NeurIPS 2019 Expo Workshop

Dec. 8, 2019

Expo 2019 Schedule »

Real world reinforcement learning with Vowpal Wabbit

Sponsor: Microsoft

Abstract:

Reinforcement learning is increasingly being used to solve real world personalization and optimization scenarios, with online, sample efficient algorithms such as Contextual Bandits. Companies such as Netflix (https://medium.com/netflix-techblog/artwork-personalization-c589f074ad76) and The New York Times (https://open.nytimes.com/how-the-new-york-times-is-experimenting-with-recommendation-algorithms-562f78624d26) are using Contextual Bandits to personalize content and optimize engagement. Across multiple deployments Microsoft uses Contextual Bandits, and recently released the Personalizer Azure Cognitive Service (http://aka.ms/personalizer) which is the world's first real world reinforcement learning service.

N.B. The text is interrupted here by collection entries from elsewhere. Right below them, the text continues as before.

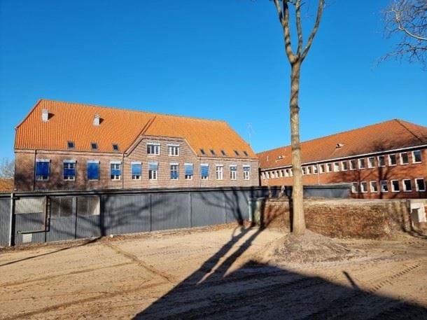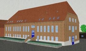 Bygningens nordvendte facade efter ombygning set fra nordvest. |
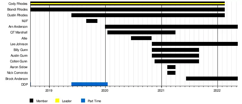 After months of inactivity, Cody Rhodes departed from AEW on February 15, 2022, effectively disbanding the stable.
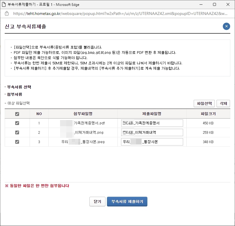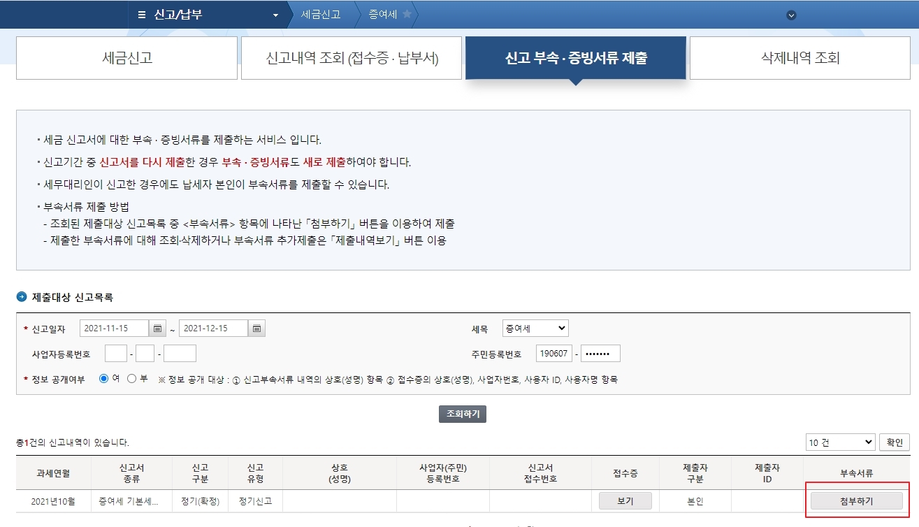 신고 부속 증빙서류 제출
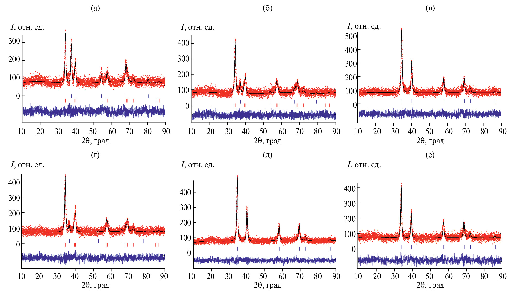 Рис. 2. Рентгенограммы гидридных фаз на основе ВЭС: а – TiZrNbTaMo (1.8 Н/М), б – TiZrNbTa(Mo0.8V0.2) (2.2 Н/М), в – TiZrNbTa(Mo0.6V0.4) (2.4 Н/М), г – TiZrNbTa(Mo0.4V0.6) (2.7 Н/М), д – TiZrNbTa(Mo0.2V0.8) (2.8 Н/М), е – TiZrNbTaV (2.9 Н/М), обработанные по методу Ритвельда (показаны экспериментальный (точки) и расчетный (верхняя линия) профили, разность между ними (нижняя линия), штрихи соответствуют брэгговским позициям).
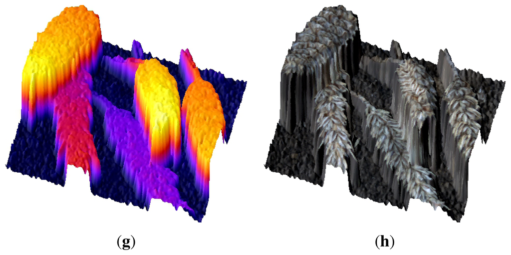 When a focus value is assigned to each pixel of all the images, these results are used to obtain the depth information. Indeed, a curve is obtained for each point of the scene. Then, we estimate the maximum of this curve to determine in which image the point is the sharpest. Once this is performed for all the points, we associate a gray level to each point according to the sharp position to obtain the depth map (Figure 6). The primary purpose of these depth maps is the association with our previous research based on the automatic counting of wheat ears [24]. Indeed, the depth map allows us to distinguish the objects that are not located on the same spatial plane but overlapped in 2D images. The knowledge of spatial location of each pixel can also eliminate unnecessary information such as the floor of the scene. Thus, we realize a spatial segmentation to improve accuracy and rapidity of our post-processing. Moreover, with the focus measure values, we can create a merged image to retrieve a 2D image from the sequence. The depth map can be used to have a 3D visualization of the scene and the merged image is used to map texture on this 3D visualization. Two examples of these different results can be found in Figure 6.
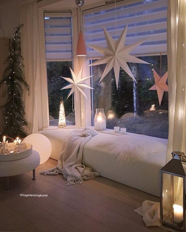 Soft white walls invite pure holiday magic while twinkling star-shaped lamps dance near frosty windows, casting enchanting shadows across the space.
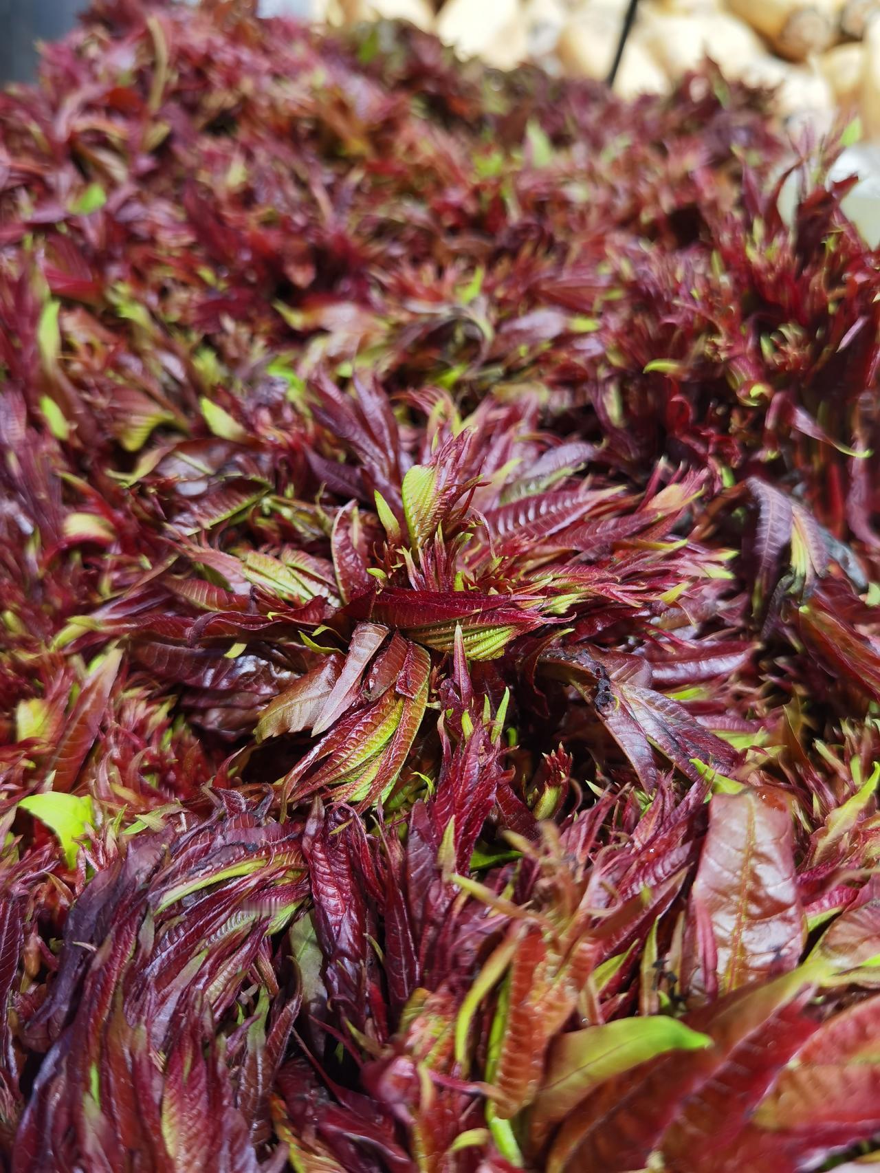 逛菜场一眼就被这堆红色的香椿芽吸引了,这是春天才有的美味。 刚冒头的香椿芽带着独特的清香气,红褐的嫩梢裹着一层细细的绒毛。每年就这短短一个月的尝鲜期,错过就要等一整年。 回家焯个水,切碎了和鸡蛋一炒,满屋都是香气;或者拌上嫩豆腐,清清爽爽一口鲜,连饭都能多吃两碗。
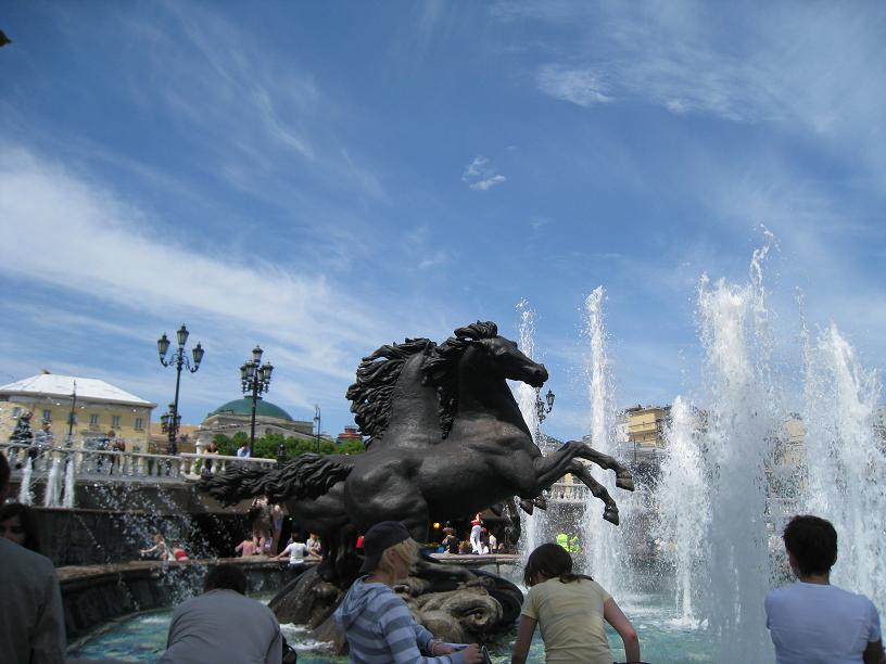 天気がよくて芝生に寝転がりながらビールと行きたいところですが、ロシアでは基本的に道路や広場での飲酒は禁止されており、普通の道や中心街から離れた場所などでは特に問題はないのですが、ここでは常時2人1組の警官や騎馬警官が巡回しており、お酒を飲んでるところを見つけるとしめたとばかりに罰金の徴収にかってきます・・・。┌(;>ム<)┘(;ーдー)

Vowpal Wabbit (https://vowpalwabbit.org) is an open source machine learning library, extensively used by industry, and is the first public terascale learning system (https://arxiv.org/abs/1110.4198). It provides fast, scalable machine learning and has unique capabilities such as learning to search, active learning, contextual memory, and extreme multiclass learning. It has a focus on reinforcement learning and provides production ready implementations of Contextual Bandit algorithms. Vowpal Wabbit sees significant innovation as a research to production vehicle for Microsoft Research.

Come and learn about reinforcement learning, Vowpal Wabbit, and applying contextual bandits to problems using Vowpal Wabbit.